DATA SHOWN:
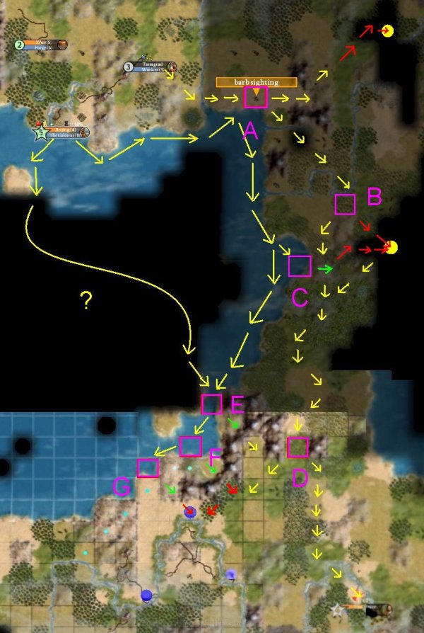 I've done a very slick route plan focusing on the fastest paths to critical tiles ware we need to make important decisions. The key plots are magenta squares and are identified by Letters. The paths are in yellow arrows, navel routes assume 2 movement galleys and no roads, adding roads can considerably speed up the units in several areas. Red Arrows are those inside an opponents cultural borders and thus require a state of war / open borders to pass through.
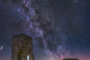 Egy merész elképzelést valósítottam meg ezzel a képpel: a téli Tejút északnyugati részét szerettem volna megörökíteni, a Cassiopeia csillagkép környékén. Ez a régió az egyik legnehezebben fotózható terület, hiszen halvány ködösségek és megszámlálhatatlan csillag alkotja, amelyek finom kontrasztját nem könnyű visszaadni. A megvalósításhoz kivételesen sötét égboltra volt szükség, ezért választottam a Soltszentimrén található Csonka-tornyot. Ez a 11. századi várrom nemcsak történelmi hangulatot ad a képnek, hanem ideális helyszínt biztosított eddigi legrészletgazdagabb asztrotájképem elkészítéséhez.
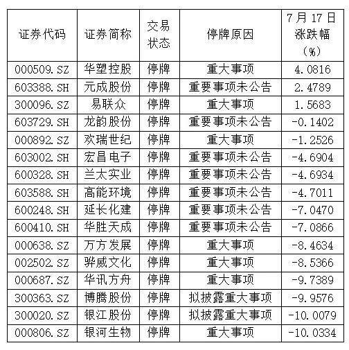 实际上,7月17日晚上,就已有多家上市公司申请停牌,原因大多为筹划重大事项。
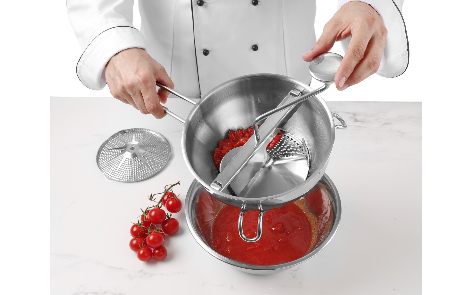 Perfect for preparation of cream soups and tomato sauces. Including 2 straining discs (Ø 140 mm), coarse and fine.
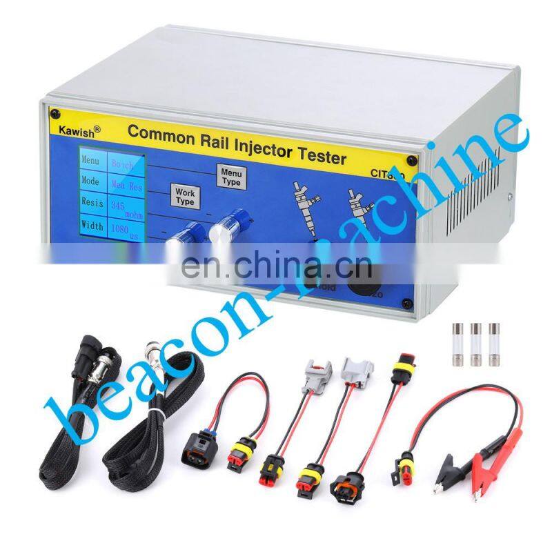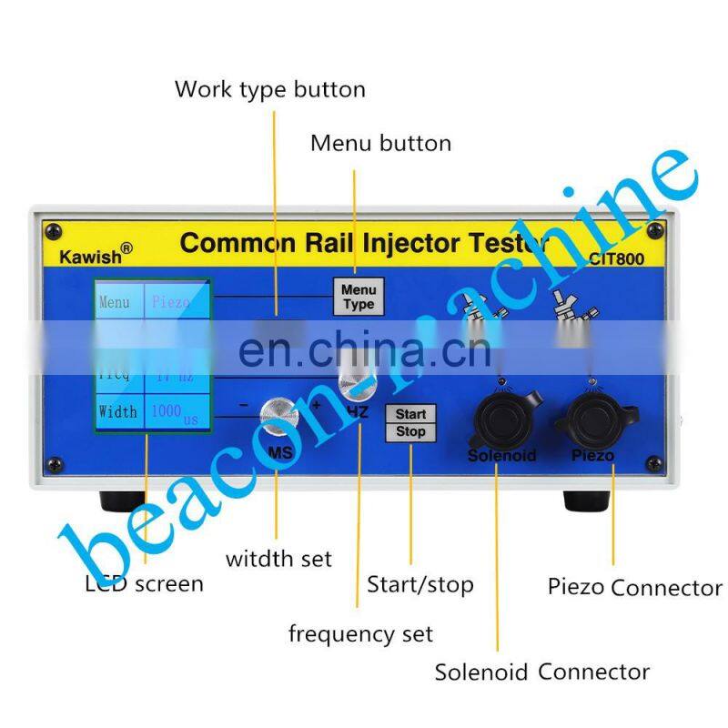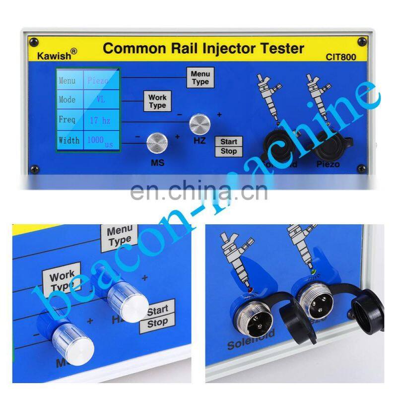 CIT800multifunction of common rail injector tester can accurately and effectively, to imitate ECU drive signal for each work condition of injector, such as pre injection, emission point, full load point conditions. Can drive a variety of brands, For Bossch injector,for Densoo,for Delphii and Piezo common rail injector.
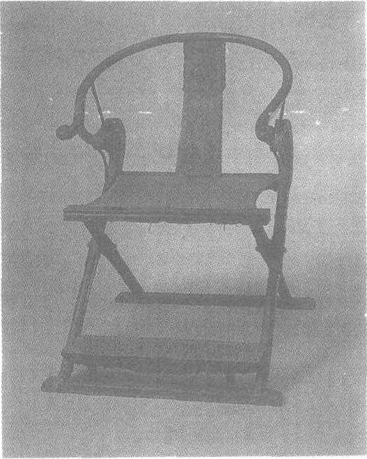 | 释义 | 黄花梨圆后背交椅明。面长69.5厘米,宽47.5厘米,通高104厘米。北京故宫博物院藏。圈椅式圆背扶手,扶手头向外侧旋转成扁圆状。软屉、足下设长条形托泥,并置一踏床,可翻转、拆卸、自由使用。背板上部刻一由双螭构成的如意头纹。扶手、腿、足与托泥等交构处均由铁饰件进行加固。此椅是明代交椅的基本样式,纹饰、图案亦为明式家具中最常见的。
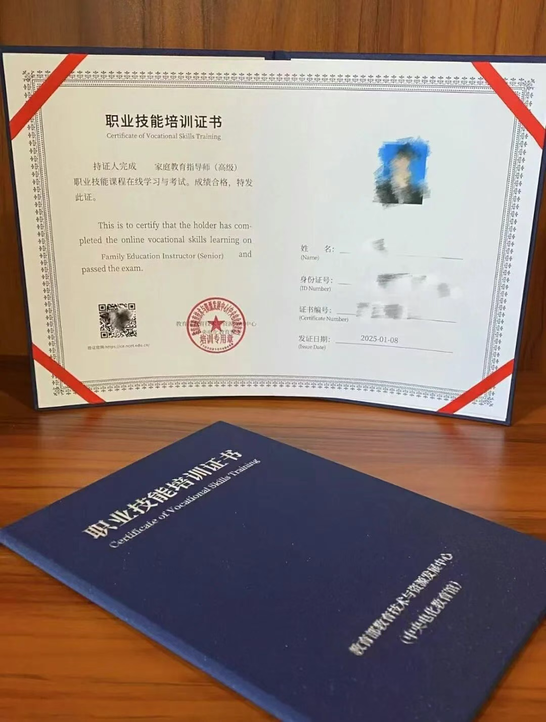 一张由权威单位颁发的专业技能证书,作为学习经历的证明。
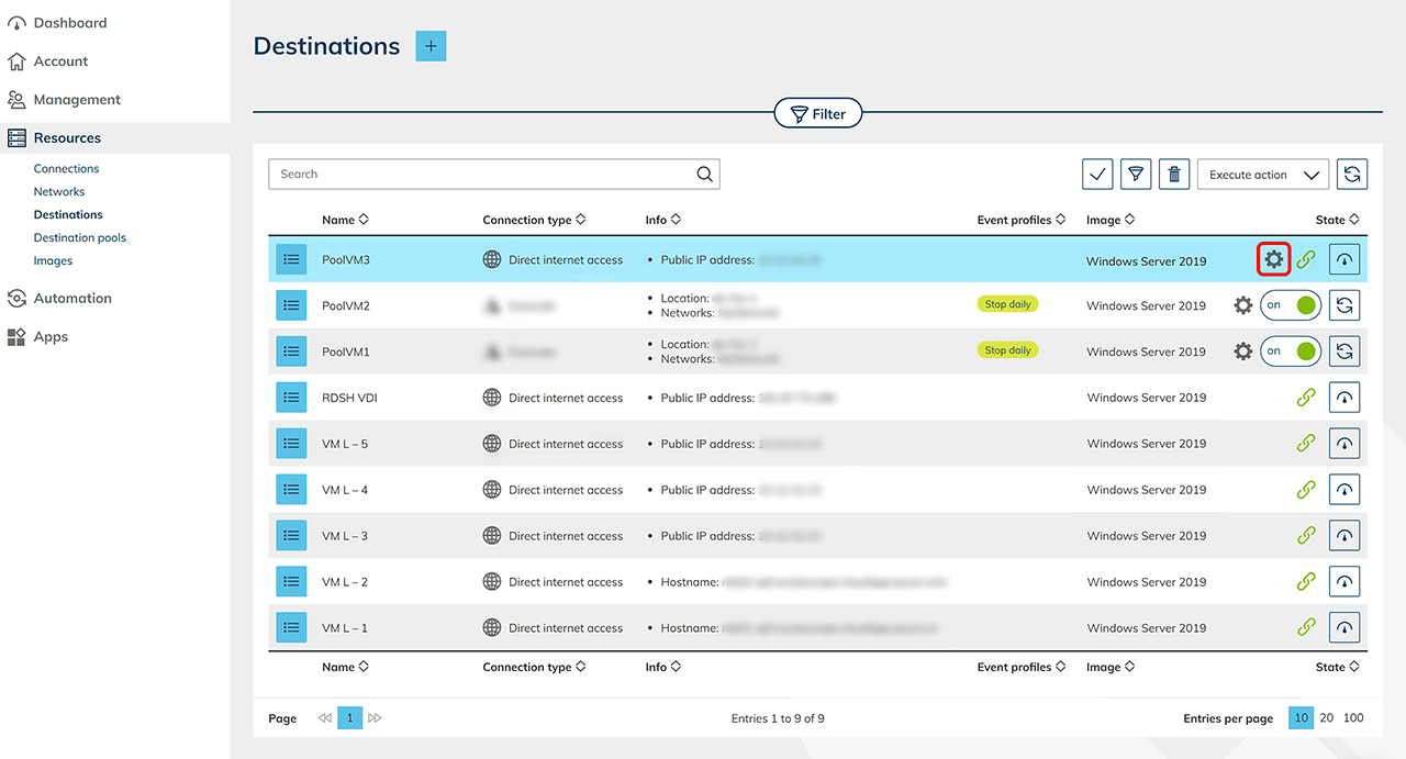 In the oneclick™ Admin, select the Resources tab and then subitem Destinations. Select a connected destination.
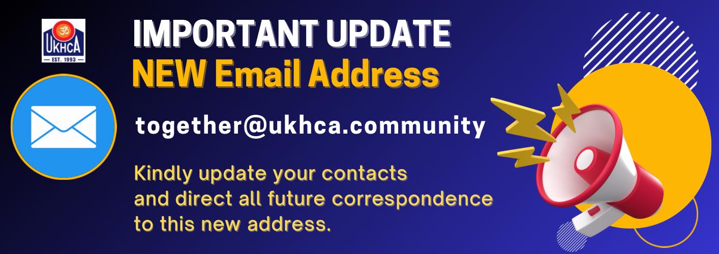 📣New UKHCA Email Address📣 UKHCA is moving to a domain based professional email address for all public facing communications. The new email address is: together@ukhca.community Please add together@ukhca.community to your contacts to ensure UKHCA communications easily reach your inbox, and direct all future correspondence to this email address. Thank you for your support as we start our preparations for the upcoming Durga Puja.🙏 www.ukhca.community (fb)
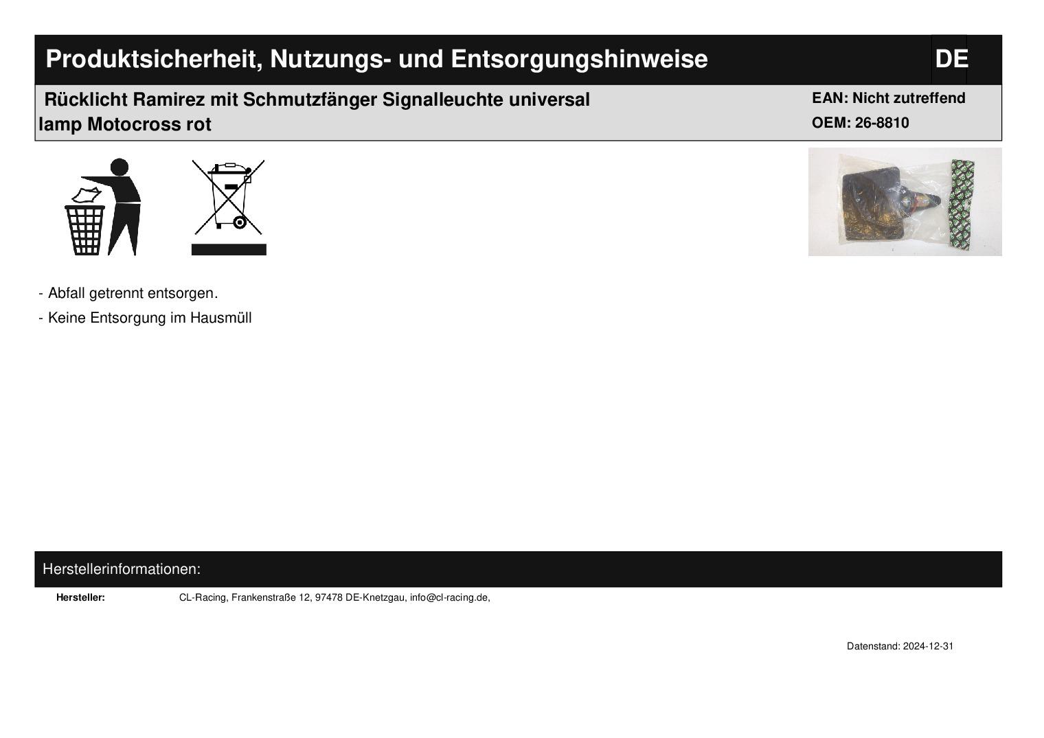 In dieser Auktion gibt es folgenden Artikel zu kaufen: Rücklicht mit Schmutzfänger (ähnlich Foto) Modell: universal Bj.: unbekannt Lieferumfang: 1 Stück Artikelzustand: neu aus Geschäftsauflösung, mit minimalen Lagerspuren; Zustand ähnlich Foto Bei Unklarheiten oder Fragen bitte erst E-Mail schreiben.
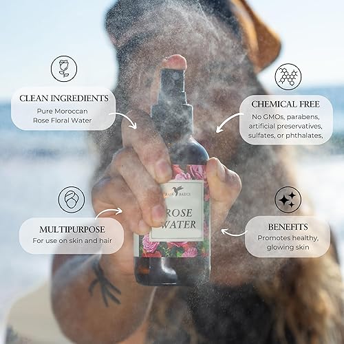 Single-ingredient skincare – Made with Moroccan rose floral water, this gentle mist delivers the natural aroma of fresh roses while hydrating and toning the skin. For an extra cooling boost, store organic rose water in the fridge!

WHAT THIS TASK INVOLVES:
Since the copy must contain no pictures, return only the text of the records, exactly as it stands.

ANSWER BOX:
 I've done a very slick route plan focusing on the fastest paths to critical tiles ware we need to make important decisions. The key plots are magenta squares and are identified by Letters. The paths are in yellow arrows, navel routes assume 2 movement galleys and no roads, adding roads can considerably speed up the units in several areas. Red Arrows are those inside an opponents cultural borders and thus require a state of war / open borders to pass through.
 Egy merész elképzelést valósítottam meg ezzel a képpel: a téli Tejút északnyugati részét szerettem volna megörökíteni, a Cassiopeia csillagkép környékén. Ez a régió az egyik legnehezebben fotózható terület, hiszen halvány ködösségek és megszámlálhatatlan csillag alkotja, amelyek finom kontrasztját nem könnyű visszaadni. A megvalósításhoz kivételesen sötét égboltra volt szükség, ezért választottam a Soltszentimrén található Csonka-tornyot. Ez a 11. századi várrom nemcsak történelmi hangulatot ad a képnek, hanem ideális helyszínt biztosított eddigi legrészletgazdagabb asztrotájképem elkészítéséhez.
 实际上,7月17日晚上,就已有多家上市公司申请停牌,原因大多为筹划重大事项。
 Perfect for preparation of cream soups and tomato sauces. Including 2 straining discs (Ø 140 mm), coarse and fine.
 CIT800multifunction of common rail injector tester can accurately and effectively, to imitate ECU drive signal for each work condition of injector, such as pre injection, emission point, full load point conditions. Can drive a variety of brands, For Bossch injector,for Densoo,for Delphii and Piezo common rail injector.
 | 释义 | 黄花梨圆后背交椅明。面长69.5厘米,宽47.5厘米,通高104厘米。北京故宫博物院藏。圈椅式圆背扶手,扶手头向外侧旋转成扁圆状。软屉、足下设长条形托泥,并置一踏床,可翻转、拆卸、自由使用。背板上部刻一由双螭构成的如意头纹。扶手、腿、足与托泥等交构处均由铁饰件进行加固。此椅是明代交椅的基本样式,纹饰、图案亦为明式家具中最常见的。
 一张由权威单位颁发的专业技能证书,作为学习经历的证明。
 In the oneclick™ Admin, select the Resources tab and then subitem Destinations. Select a connected destination.
 📣New UKHCA Email Address📣 UKHCA is moving to a domain based professional email address for all public facing communications. The new email address is: together@ukhca.community Please add together@ukhca.community to your contacts to ensure UKHCA communications easily reach your inbox, and direct all future correspondence to this email address. Thank you for your support as we start our preparations for the upcoming Durga Puja.🙏 www.ukhca.community (fb)
 In dieser Auktion gibt es folgenden Artikel zu kaufen: Rücklicht mit Schmutzfänger (ähnlich Foto) Modell: universal Bj.: unbekannt Lieferumfang: 1 Stück Artikelzustand: neu aus Geschäftsauflösung, mit minimalen Lagerspuren; Zustand ähnlich Foto Bei Unklarheiten oder Fragen bitte erst E-Mail schreiben.
 Single-ingredient skincare – Made with Moroccan rose floral water, this gentle mist delivers the natural aroma of fresh roses while hydrating and toning the skin. For an extra cooling boost, store organic rose water in the fridge!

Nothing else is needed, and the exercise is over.